There is currently a mix of responsibilities when generating the final payload for outputs of a process execution request that manifests when doing sync execution:

  • If the media type of outputs is something other than application/json, the processor is allowed to generate the final form of outputs. For example, if the processor returns something with a media type of image/tiff, then the returned output is assumed to be a binary stream of already serialized data and is not further processed by downstream pygeoapi components;
  • However, if the media type is application/json, then both the process manager and also the (flask) route handler do some further post-processing of the output.
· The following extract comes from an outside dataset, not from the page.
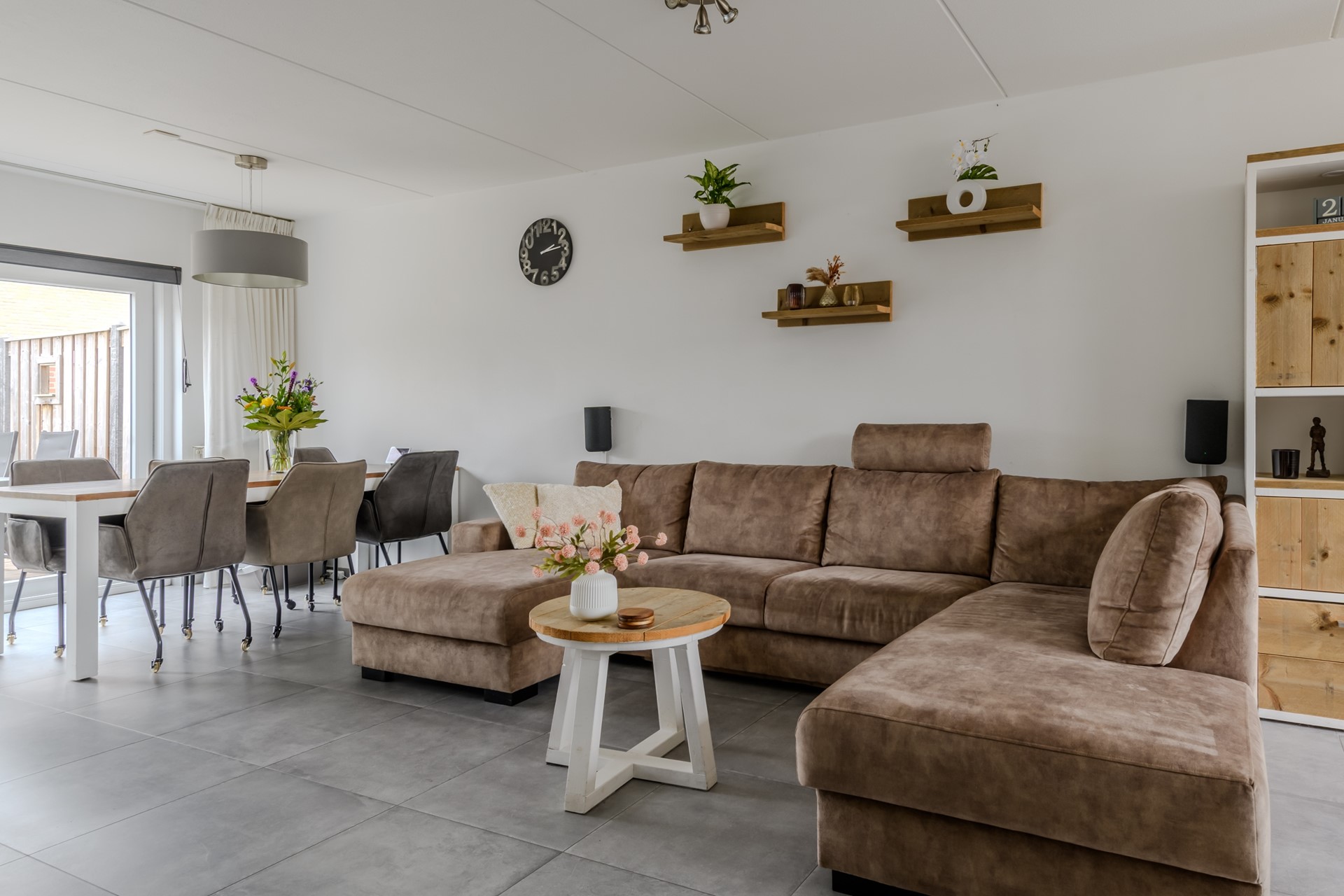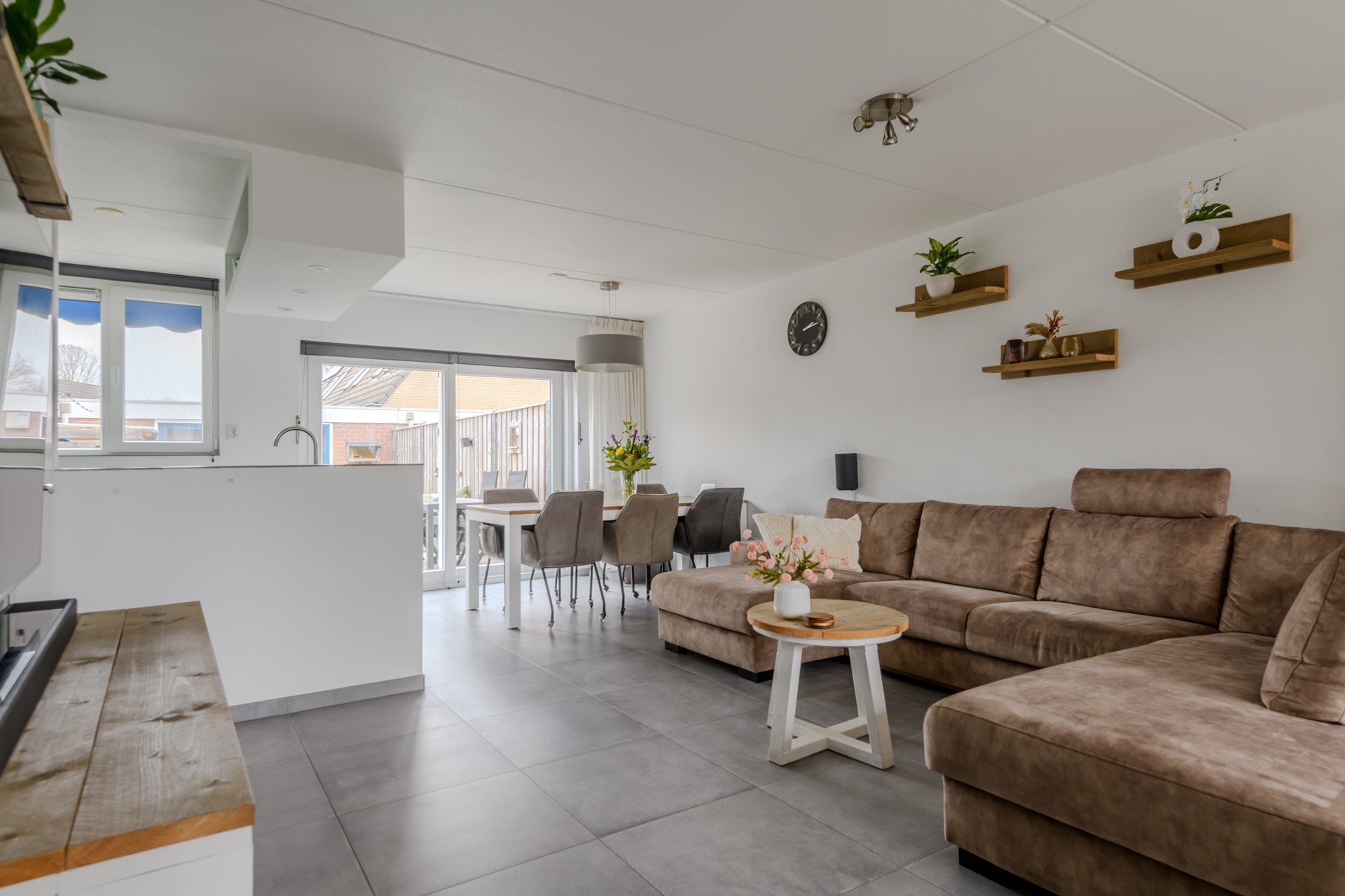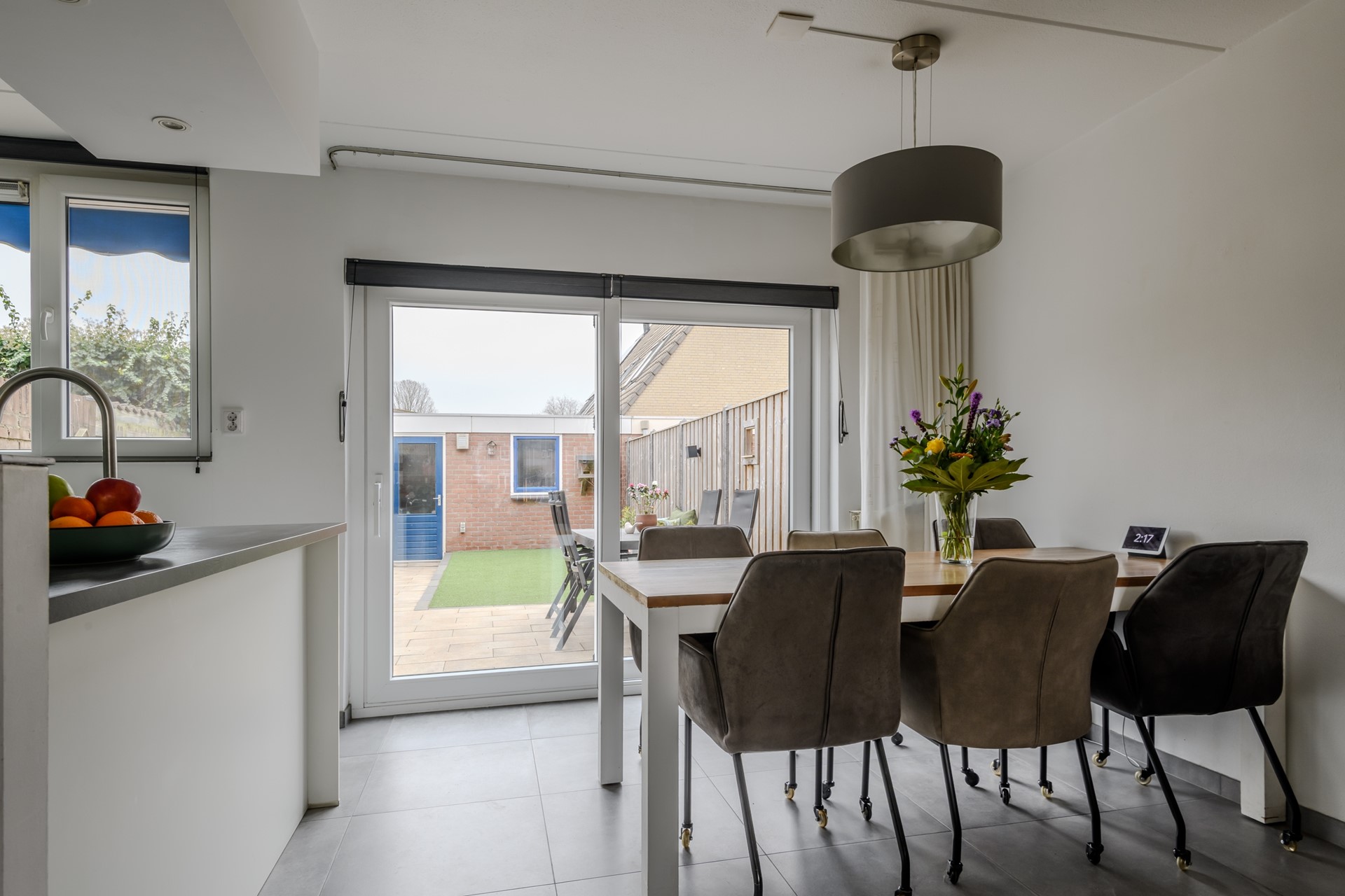 De kunststof schuifpui aan de achterzijde biedt toegang tot de onderhoudsvriendelijke achtertuin op het zonnige zuidoosten.

This means the processor cannot simply return a JSON string, because the base process manager tries to wrap the output in a dict if the requested response is of type document and then finally the webapp handler is the one that serializes this dict into a JSON string. This means that the processor says that it generated something with the media type of application/json but in reality it returns a Python dict or list, which will then be turned into a JSON string downstream before the response is sent back to the client.

In my opinion, it would be better to have a more uniform contract between these components (processor, process manager, webapp route handler) and simply have the processor prepare and own the representation of its generated output(s), regardless of their media type.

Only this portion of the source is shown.